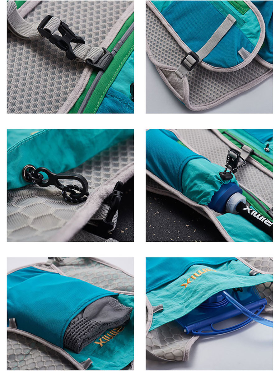 - Kéo các ngăn khóa ra, để đồ dùng và túi nước vào áo vest balo rồi đeo sau lưng đi chạy hay leo núi, đạp xe địa hình.
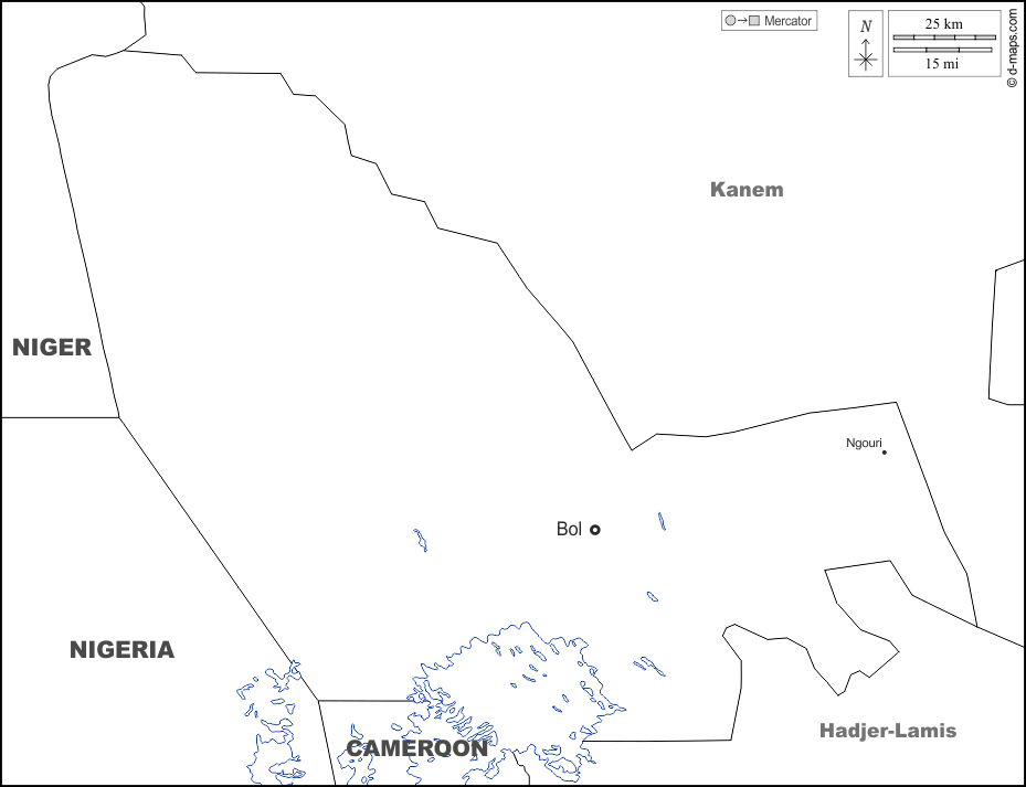 d-maps > अफ्रीका > चाड > एलएसी > सीमाओं, जल-सर्वेक्षण, मुख्य शहरों, नाम, सफेद
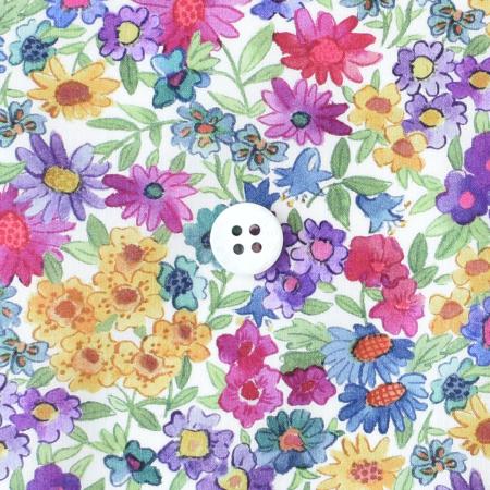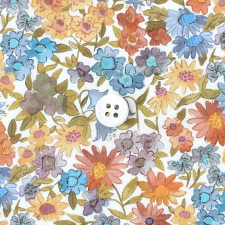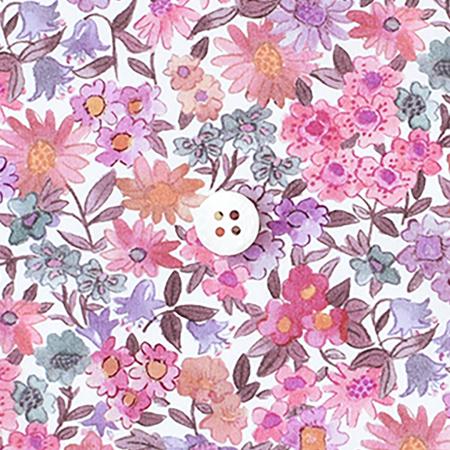 リバティの初期のウッドブロックプリントを代表する「ネル、アニー&メイ」は、リバティのアーカイブに所蔵されていた手刷りの試し刷り紙をベースに描かれました。バラ、サクラソウ、カーネーション、ブルーベル、ヒナギク、アネモネで彩られた草原が描かれています。リバティのボタニカルの真髄ともいえるこのデザインは、微妙な影の跡が、オリジナルの試し刷りのわずかな不完全さを彷彿とさせます。
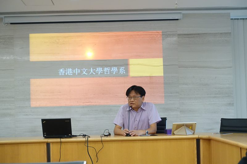 随后,代表团一行来到香港大学哲学系,香港中文大学文公司副经理郑宗义教授和香港中文大学哲学系主任张锦青教授对公司代表团进行了接见并与公司师生进行了会谈。张锦青教授首先向公司师生介绍了香港中文大学哲学系的基本情况,张教授讲到,目前港中文哲学系研究领域覆盖广泛,包括中国哲学、德国哲学、古希腊哲学、社会及政治哲学等多个方面,该系教员较多拥有在海外高等院校完成高级学位的背景。目前哲学系不仅承担专业的教学,而且承担者整个公司的通识教育工作。在对外交流方面,港中文哲学系已经与海外多所知名院校及内地多所院校建立合作关系。同时,港中文哲学系目前亦主持发行了多种国际权威学术期刊。在张教授介绍完港中文哲学系的情况后,公司李海峰教授代表304永利集团,向港方介绍了304永利集团哲学系的历史传统及现今发展状况。在介绍完两系的基本情况后,香港中文大学文公司副经理、哲学系教授郑宗义就香港中文大学哲学系的本科生、研究生教育情况及招生要求等向我方给予介绍。随后,李海峰教授就相关内容作了补充发言。在员工提问环节,公司员工就相关学术问题及交流政策等进行了提问,港方两位教授也做了详细的解答。
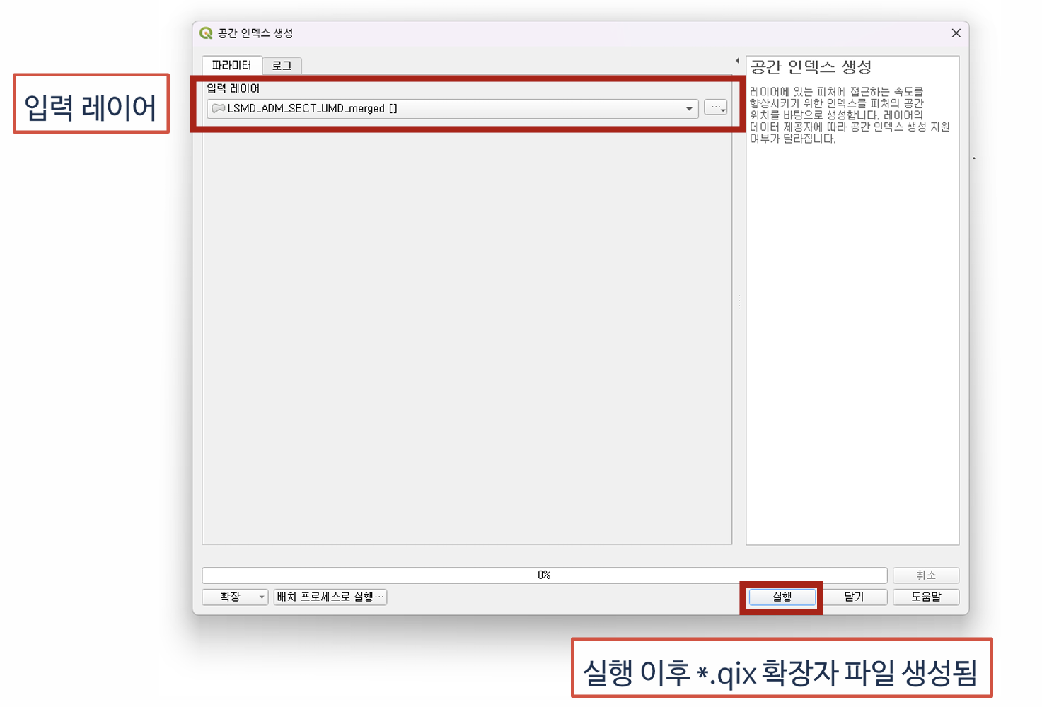 - “실행”을 누르면 QGIS가 해당 레이어에 대해 인덱싱을 수행합니다.
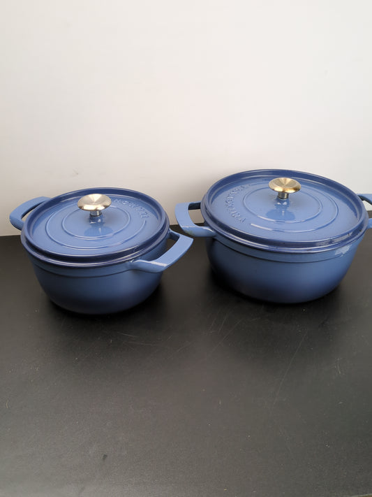 NEW - Tramontina Blue 4-quart & 6-quart Enameled Cast Iron Round Dutch Oven, 2-pack - Retail $69
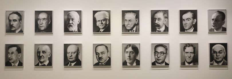 la Biennale de Venise de 1972. Il conçoit une installation spécifique composée de 48 portraits de scientifiques, d'écrivains, de compositeurs et de philosophes. La sélection, tirée d'une encyclopédie, inclut délibérément des personnalités dont Richter ne connaît pas le travail, et il exclut les artistes plasticiens et des intellectuels célèbres tels que Sigmund Freud, car il souhaite atteindre à une certaine neutralité. Pour réaliser cette série, Richter s'est fixé comme objectif de peindre deux portraits par jour, un «travail» comme n'importe quelle autre activité manuelle. Les portraits étaient accrochés au-dessus de la ligne du regard dans la salle centrale du Pavillon allemand. Richter s'intéressait alors à la manière de présenter les images en lien avec l'architecture, comme en témoignent les nombreuses études de cette période présentes dans l'album Atlas.
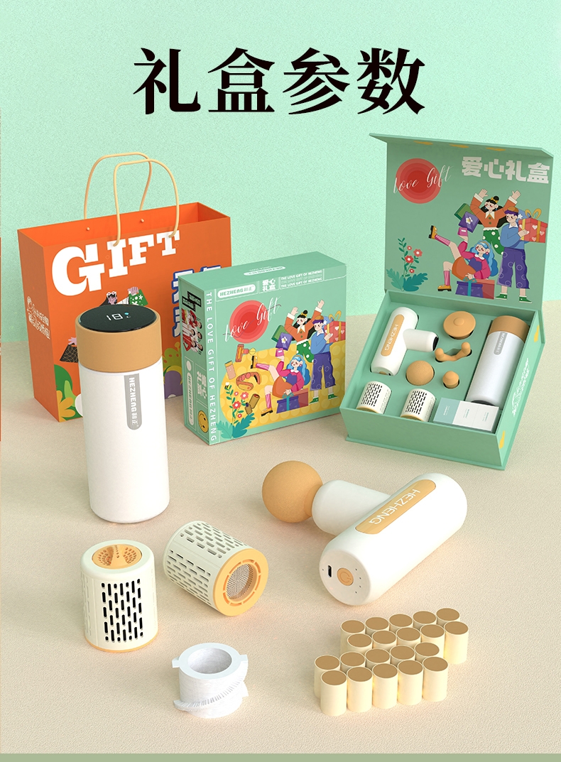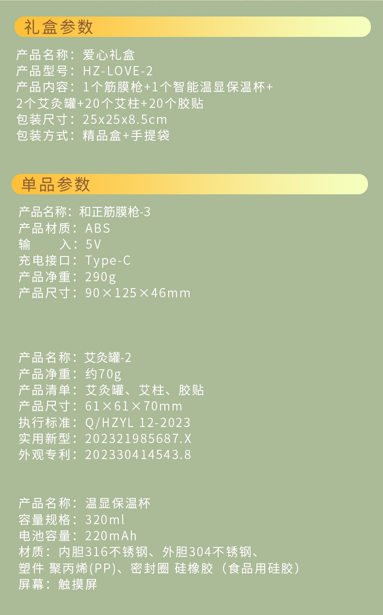 配置:1个筋膜枪+1个智能温显保温杯+2个艾灸罐+20个艾柱+20个胶贴
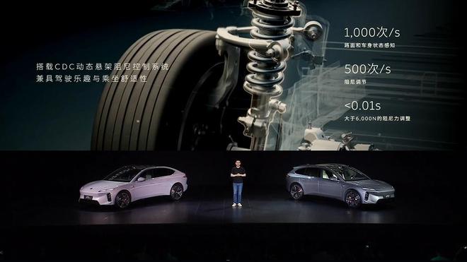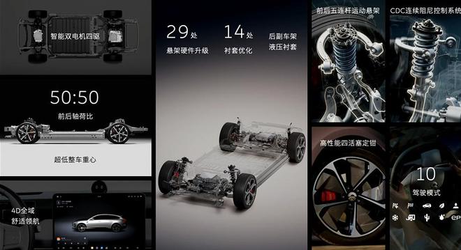 底盘方面,蔚来新ET5及新ET5T进行了29项悬架升级,标配前后五连杆悬架,并全系标配CDC动态悬架阻尼系统,500次/秒调节速度,可以实现更加出色的动态调节。
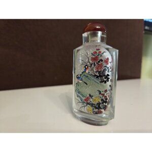 This vintage Chinese snuff bottle features intricate reverse painted birds, flowers, and cherry blossoms on heavy glass with glass stopped.
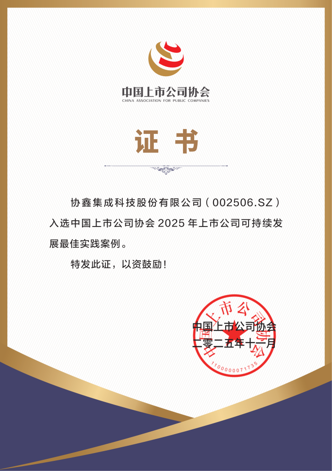 11月18号,由 中国上市公司协会 主办,中上协可持续发展(ESG)专业委员会承办的2025上市公司可持续发展大会在北京召开。 协鑫集成 凭借“NEXT预见”可持续治理战略成功入选“最佳实践案例”,彰显了公司在上市公司可持续发展领域的引领地位。

========================================

## Exercise aim
Your answer must be the lines above from the one holding "대해 인덱싱을 수행합니다." up to and including the one holding "la Biennale de", exact and with no pictures.

## Finished exercise
 - “실행”을 누르면 QGIS가 해당 레이어에 대해 인덱싱을 수행합니다.
 NEW - Tramontina Blue 4-quart & 6-quart Enameled Cast Iron Round Dutch Oven, 2-pack - Retail $69
 la Biennale de Venise de 1972. Il conçoit une installation spécifique composée de 48 portraits de scientifiques, d'écrivains, de compositeurs et de philosophes. La sélection, tirée d'une encyclopédie, inclut délibérément des personnalités dont Richter ne connaît pas le travail, et il exclut les artistes plasticiens et des intellectuels célèbres tels que Sigmund Freud, car il souhaite atteindre à une certaine neutralité. Pour réaliser cette série, Richter s'est fixé comme objectif de peindre deux portraits par jour, un «travail» comme n'importe quelle autre activité manuelle. Les portraits étaient accrochés au-dessus de la ligne du regard dans la salle centrale du Pavillon allemand. Richter s'intéressait alors à la manière de présenter les images en lien avec l'architecture, comme en témoignent les nombreuses études de cette période présentes dans l'album Atlas.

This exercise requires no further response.